The fabrics of my life - report on WI talk
Monday 16th October 2017
THE FABRICS OF MY LIFE
The WI members and their guests who gathered in Lerryn Memorial Hall to hear Faith Truscott speak on this subject expected to learn a lot about fabrics, and they certainly did that.
When Faith was a young woman, already an experienced teacher and accustomed to working with children with disabilities, she went with VSO to Indonesia, where she was based on the tiny island of Lambok. She married there and received textiles as wedding gifts, collecting other such gifts over the years she spent there.
Ever since she was a child she had sewed, but in Indonesia she became much more aware of the fabrics themselves and the skill and care that went into producing them. She brought to the meeting examples of the main methods of making and decorating local textiles and we were privileged to be able to see and handle them – some of them extremely old and precious.
The principle of batik – creating patterns on fabric by covering parts of it with a wax that resists the dye - is now familiar to many people, but the word ‘batik’ means ‘make a dot’ and the special tool for applying the wax involves a slender barrel that releases the hot wax through a tube less than a millimetre in width. Faith confessed that her own attempts had invariably created a wax puddle, but then she showed us the elaborate and delicate patterns created by other people on the samples she had brought. None of them, we noticed, carried the ‘cracking’ marks characteristic of many designs sold here as batik. The freshly waxed fabrics, we learned, were kept taut on a wooden frame for insertion into the vats of vegetable dye. If the wax cracked, that was a disaster.

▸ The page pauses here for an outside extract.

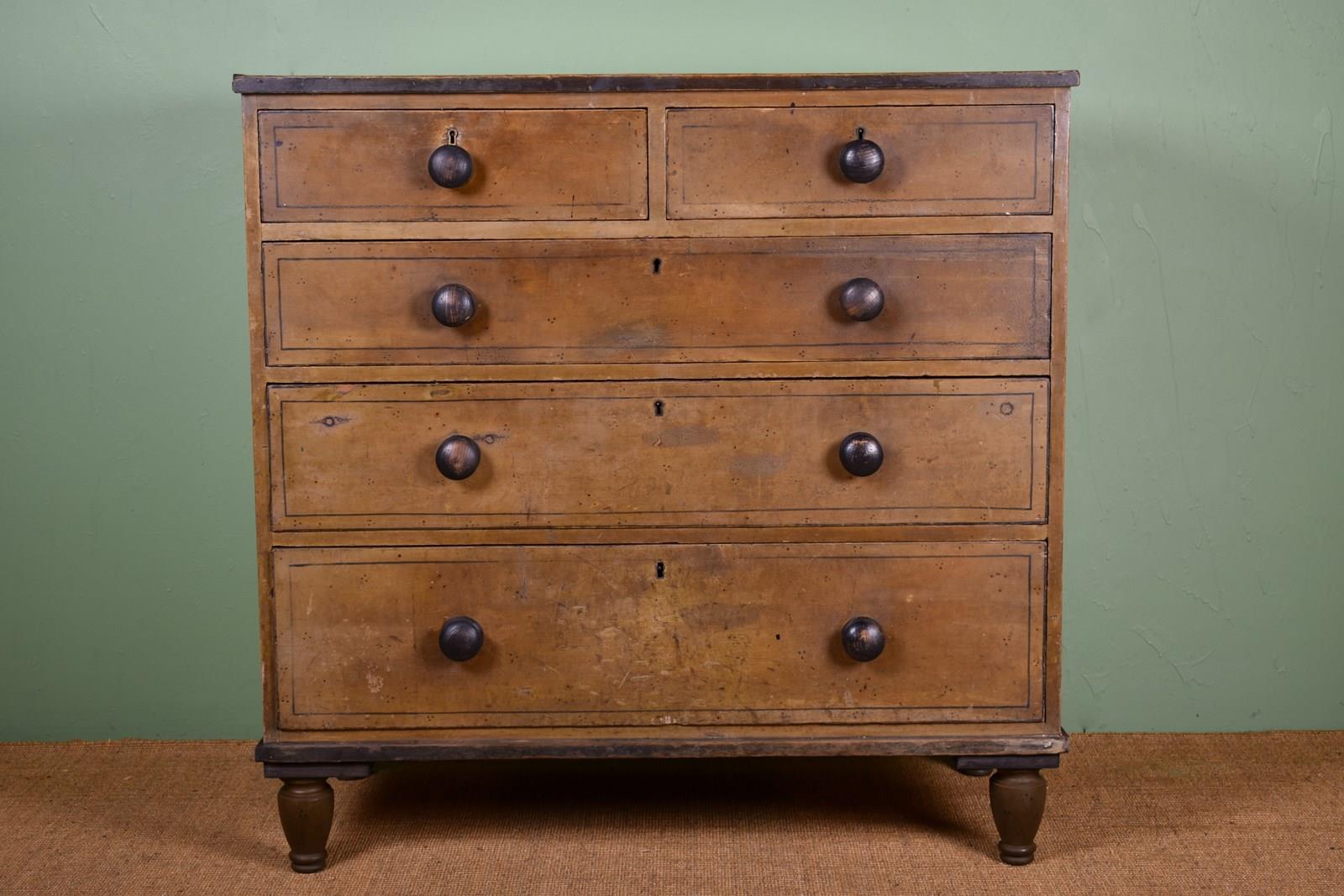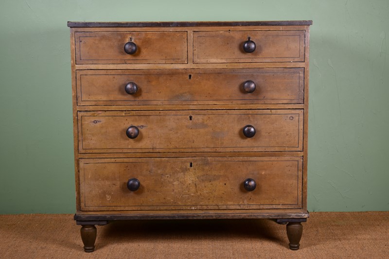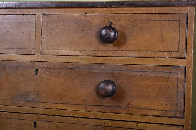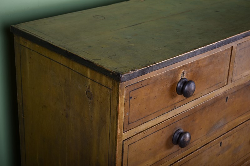 In its original greeny brown faux-bamboo paint work, the top also showcases bluey tones to the paintwork. A really eye-catching chest of drawers.

Even more elaborate was the production of ikat patterns. ‘Ikat’ means ‘to lock’. For those of us whose ‘tie-dyeing’ efforts used to involve tying knots in T-shirts, it was a revelation to look at a fabric created by tying tight knots to resist the dye in each individual strand of cotton in the warp of the fabric, then dyeing it, re-knotting it for a different effect and dipping it again. Huge and complex patterns are created this way, non-literate workers retaining the whole pattern in their heads as they work. In really special pieces, the weft is treated the same way, creating even greater complexity. A piece of fabric created like this can take twelve years to make.
Although the fabrics themselves were awe-inspiring, what was moving about Faith’s talk was the fact that they had become a part of her own and other people’s lives in a culture where the cloth made for ‘the birthing’ is retained for use as the same person’s shroud, and the heavy ceremonial shawls incorporating real gold and silver threads are not fashion statements but heirlooms, designed to be loved and valued from one generation to the next. It was her acceptance into this way of life that gave depth to Faith’s memories of it – including the lovely story of the local people’s attempts to falsify her marriage certificate in order to protect her from the shame of being so much older than the fourteen years that was, for them, the proper age for a girl to be wed!